The findings of a recent systematic review suggest that a balanced wholefood diet may help reduce the risk of depression and reduce the severity of depressed mood in the elderly (Klimova et al. Citation2020). Many elderly individuals are also at risk of malnutrition because of social isolation and fixed incomes and may not meet minimum recommended dietary allowances (RDA) of essential micronutrients, amino acids and essential fatty acids. This may result in abnormal low serum levels of essential amino acids and nutrient co-factors required for synthesis of serotonin and other neurotransmitters involved in mood regulation. Poor nutrition or unhealthy food choices in the elderly can also negatively impact the microbiome resulting in incomplete absorption of essential nutrients and/or inflammation, both of which are implicated in the pathogenesis of depressed mood and other psychiatric disorders (Donini et al. Citation2013).

Recent advances in ‘nutragenomics’ and ‘herbomics’ are providing valuable insights to the specific neurochemical pathways associated with the pathogenesis of the psychiatric disorders and a better understanding of the pharmacodynamics and neurochemistry influenced by natural product supplements (Sarris et al. Citation2012; Reddy et al. Citation2018). The application of omic studies to assist in quantifying both therapeutically active and toxic constituents of nutraceuticals and their effects on animal models may provide many valuable insights. For instance, metabolomics has significantly advanced phytotherapy in recent years by allowing for better identification of plant material, and the ability to develop standardised extracts that contain minimum levels of known active constituents (Sarris et al. Citation2012; Reddy et al. Citation2018).

Research priorities in the area include increasing our knowledge of the epigenetic effects by nutrients and plants, and determining which isolated agents or complex formulations have the most advantageous effects on particular individuals. Specific epigenetic effects from standardised extracts have previously been observed to be replicated, suggesting that it may be possible to patent specific phytoceuticals for specific therapeutic epigenetic effects (DellaPenna Citation1999). Many micronutrients and macronutrients are also known to indirectly influence genomic pathways that methylate DNA, resulting in changes in neurotransmitter synthesis (DellaPenna Citation1999). Such epigenetic modifications of the genetic material represent a link between nutrition and mental health. The effects of nutrition on mental health are mediated by changes in expression of multiple genes. Further, beneficial effects of particular micronutrients or macronutrients on mood, cognitive function and behaviour may be related to genetic variability at the level of each person (Parletta et al. Citation2013).

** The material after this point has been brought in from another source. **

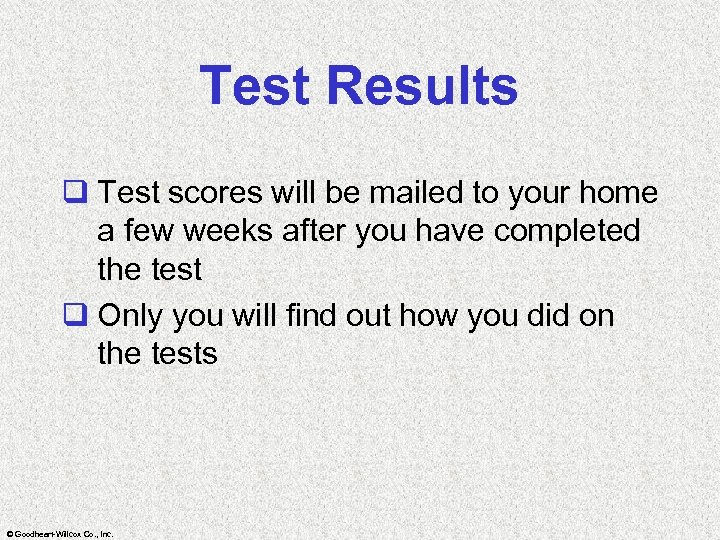 Test Results q Test scores will be mailed to your home a few weeks after you have completed the test q Only you will find out how you did on the tests © Goodheart-Willcox Co. , Inc.

Finally, since efficacy and side effects of nutraceutical/phytoceutical can vary according to product standardisation, quality assurance processes, manufacturing methods etc, developing a standardised chemotype that presents with consistency of composition across preparations could allow nutraceuticals/phytoceuticals address a specific range of symptoms and/or psychiatric condition that is reproducible and undeniable. This should be also considered within the context of the prescription length needed, and the half-life of the compounds to determine the dosage frequency advised.

Conclusion

These WFSBP and CANMAT nutraceutical/phytoceutical clinical guidelines are the most comprehensive to date and aim to provide clarity and confidence in the prescriptive decisions for using (or not using) these agents in a range of psychiatric disorders. Our methodology employed, based on existing WFSBP guideline methodology recommendations, provided both structure for an in-depth literature review, a standardised assessment and grading of the evidence (adapted for current purpose), and drew on a depth of multi-disciplinary clinical experience.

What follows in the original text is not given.